The CPU and IOC diagnostic subcommand generators are used to
control diagnostic actions such as; bus transfers, clocking,
control store cycling, integrity check collection and control of
various diagnostic states and modes. The actions generated are
divided into two categories: internal and external. Internal
actions are those diagnostic actions, both control and data
transfer, that a subsystem can perform within itself without direct
effect upon the other subsystem. External actions are those
diagnostic actions, both control and data transfer, that one unit
can force the other subsystem to perform. There are some diagnostic
actions that can be generated both internally and externally. The
generation of external actions is limited to the subsystem
controlling the diagnostic process at any given point in the
process. This controlling subsystem is in master state. The
diagnostic process is designed to prevent more than one unit being
in master state with its clocking on at any given time.
The use of the independent Integrity Check Collection apparatus for
the two subsystems simplifies another aspect of the diagnostic
problem. The identification of an error condition arising in one
subsystem causes control of the diagnostic procedure to be placed
with the subsystem for which an error condition has not been
detected. Moreover, the response of the data processing unit to an
error condition detected in the master state subsystem is different
from the response to an error detected in the slave state
subsystem. It is therefore expedient to separate the error
detection and collection apparatus associated with the two
subsystems.
In the preferred embodiment, a System Diagnostics Panel is employed
which displays the information available from either of the
Diagnostic Memory Registers. In addition, this Panel contains
manual switches for establishing the operational mode of the data
processing unit, (i.e. Normal mode, diagnostic mode, etc.).
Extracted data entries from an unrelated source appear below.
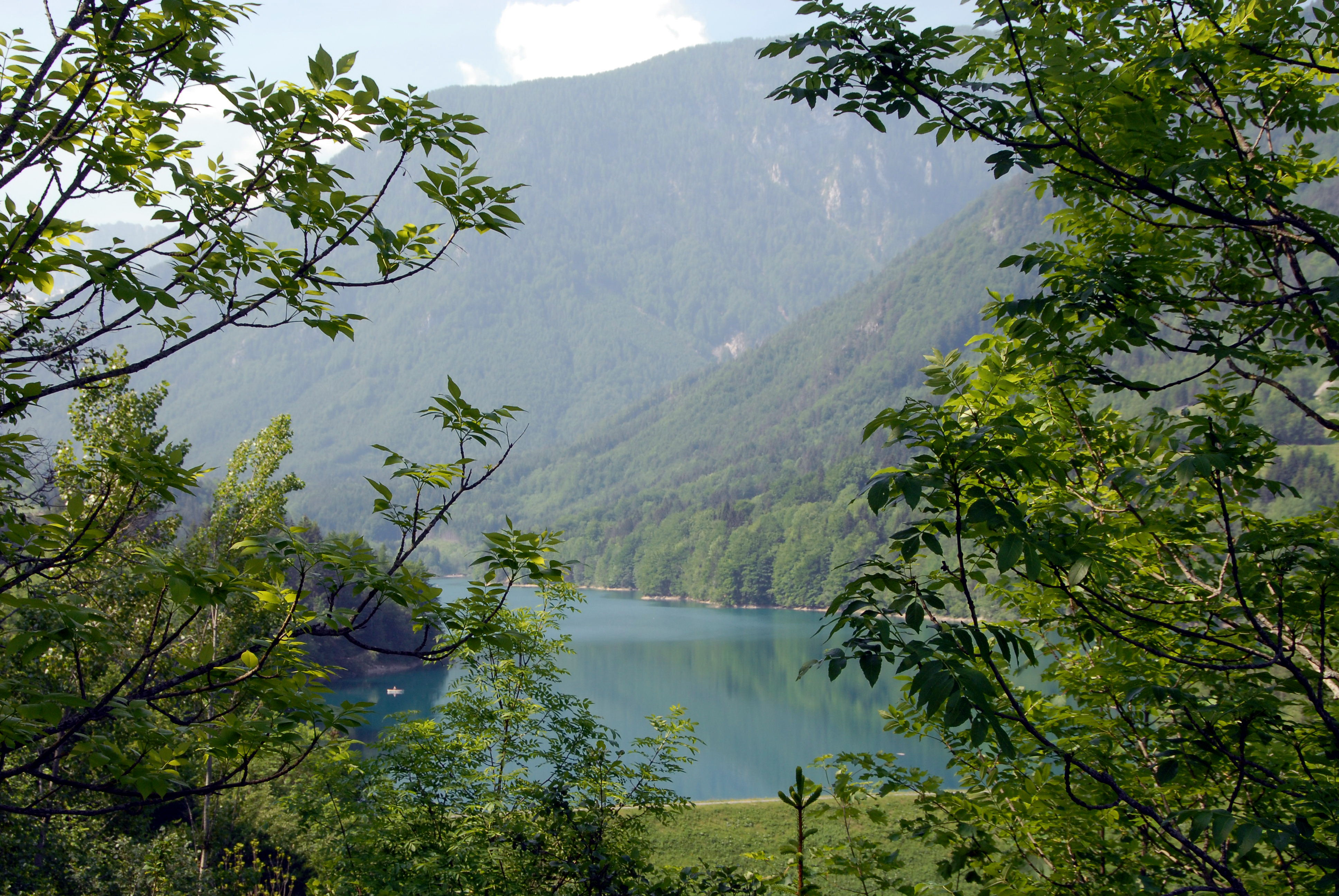 Freibach (Borovnica) reservoir in the bilingual community of Zell (Sele), Carinthia, Austria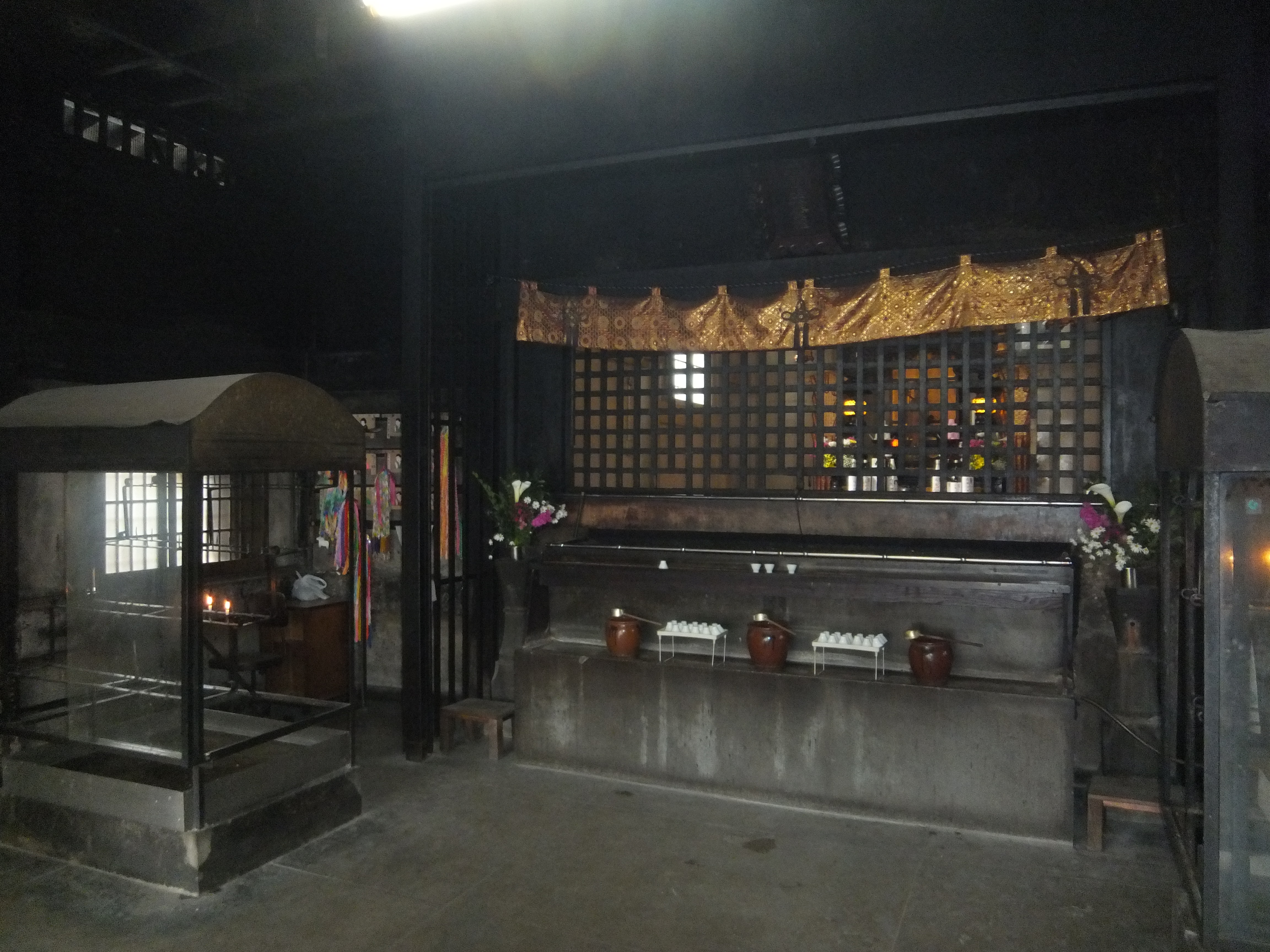 Asahi-Jizō Hall of the Sōfuku-Temple in Fukuoka (Japan)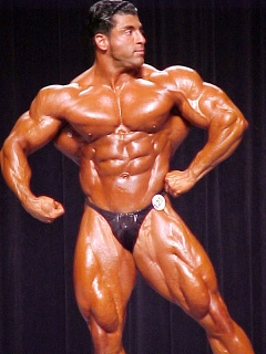 King Kamali on stage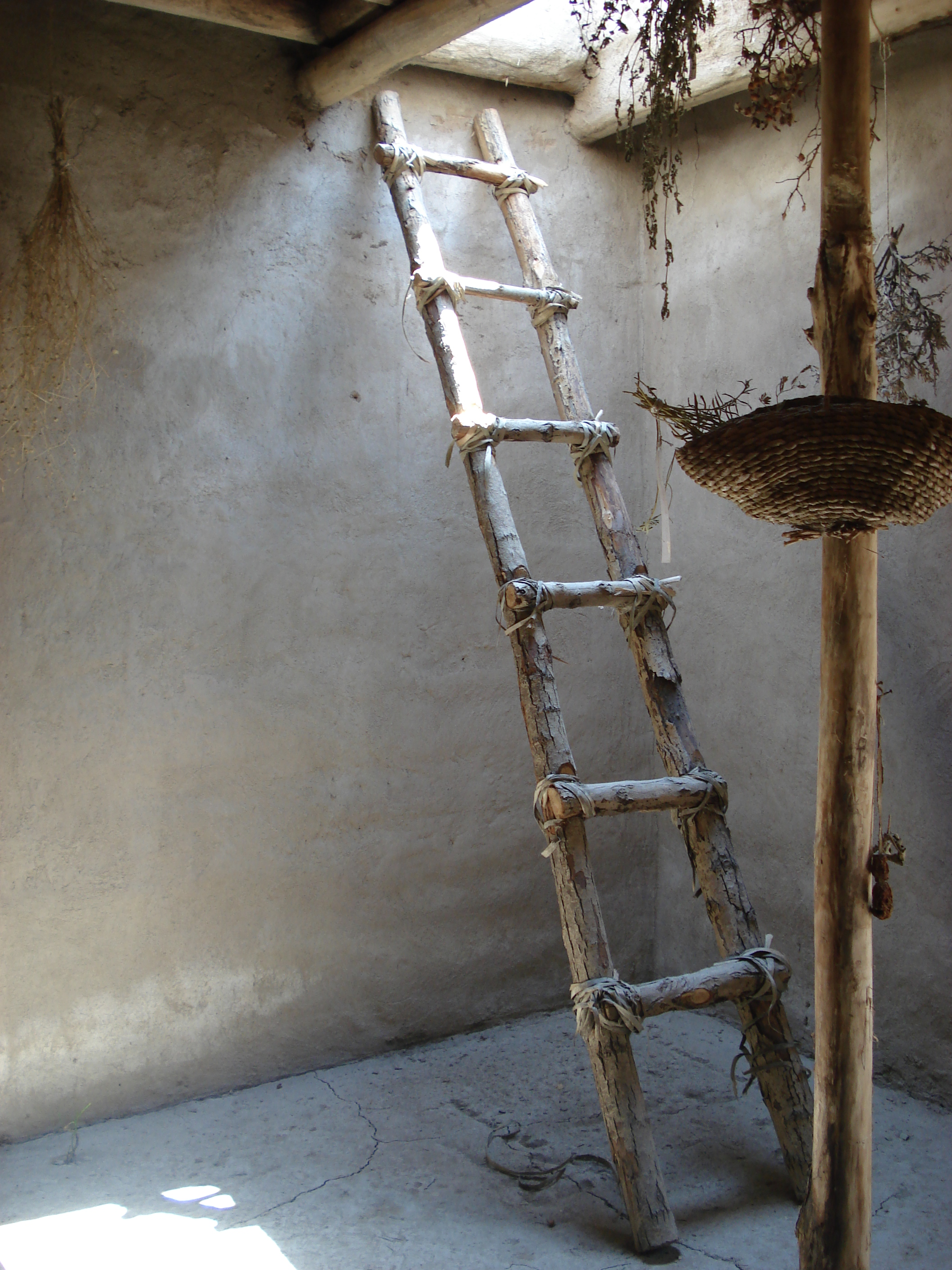 Reconstruction of the entrance ladder at Aşıklı Höyük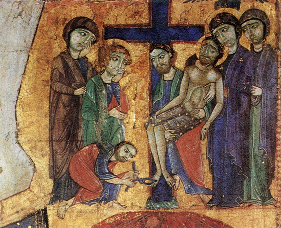 UNKNOWN MASTER, Italian Crucifix with the Stories of the Passion (n. 432) Tempera on wood, 277 x 231 Galleria degli Uffizi, Florence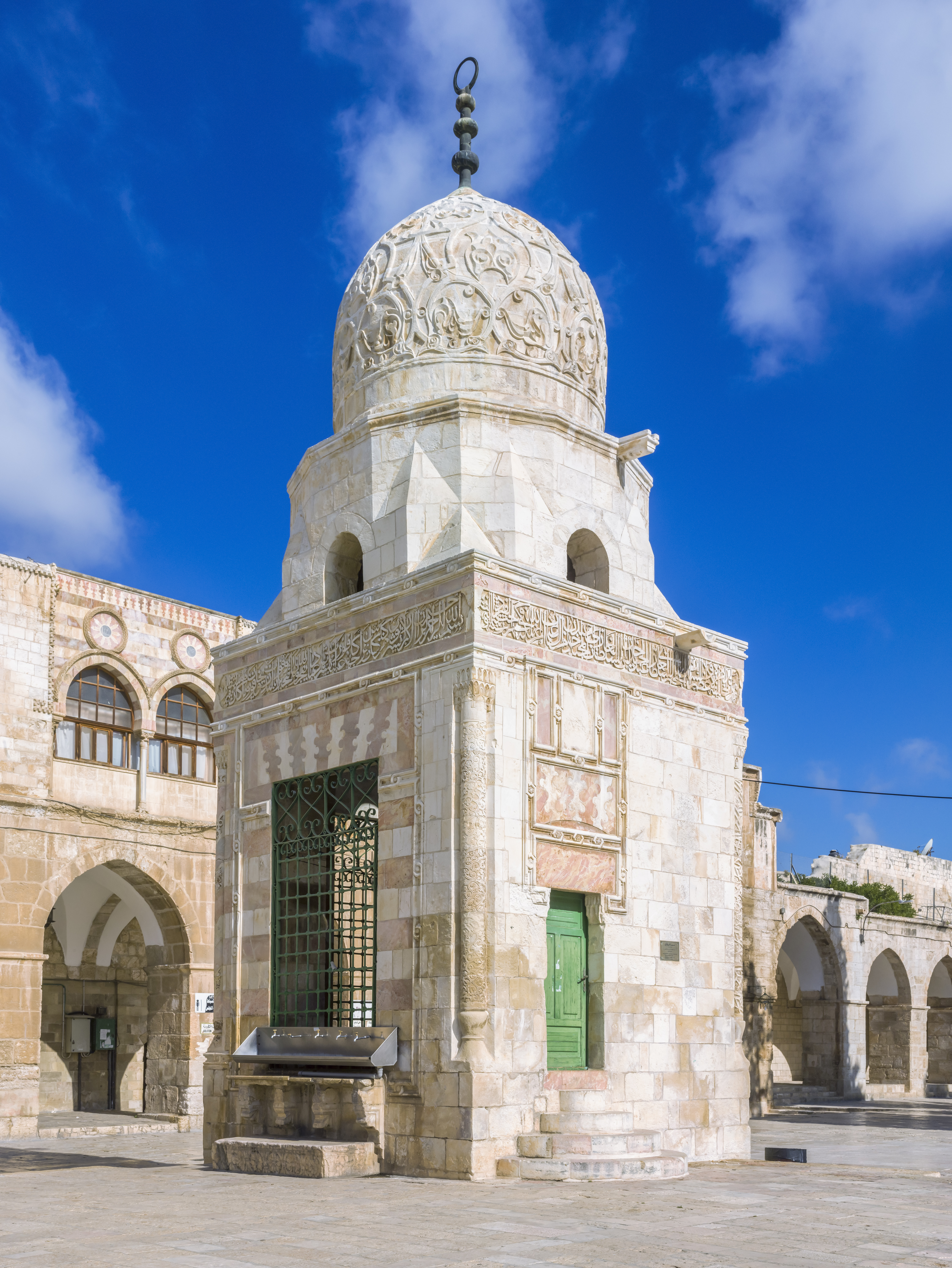 Fountain of Qayt Bay, used as part of ablution in prayer, located on the Temple Mount in the Old City of Jerusalem

The basis of orderly progress in the master subsystem-slave
subsystem testing is the inter-subsystem control of clocking. It
permits test sequencing and test analysis in the Master subsystem
to remain synchronized with the relatively shorter test application
sequences in the slave subsystem. In particular, it permits the
master subsystem to "freeze" the results of a test sequence in the
slave subsystem until they can be observed and analysed by the
master subsystem program.
In the preferred embodiment, a single timing source drives clocking
systems in the CPU, the IOC, and the Buffer Store portions of the
Memory Interface Unit (MIU). The Main Storage Sequencer (MSS)
portion of the MIU and each of the four Main Memory Subsystems
modules have independent, asynchronous timing sources.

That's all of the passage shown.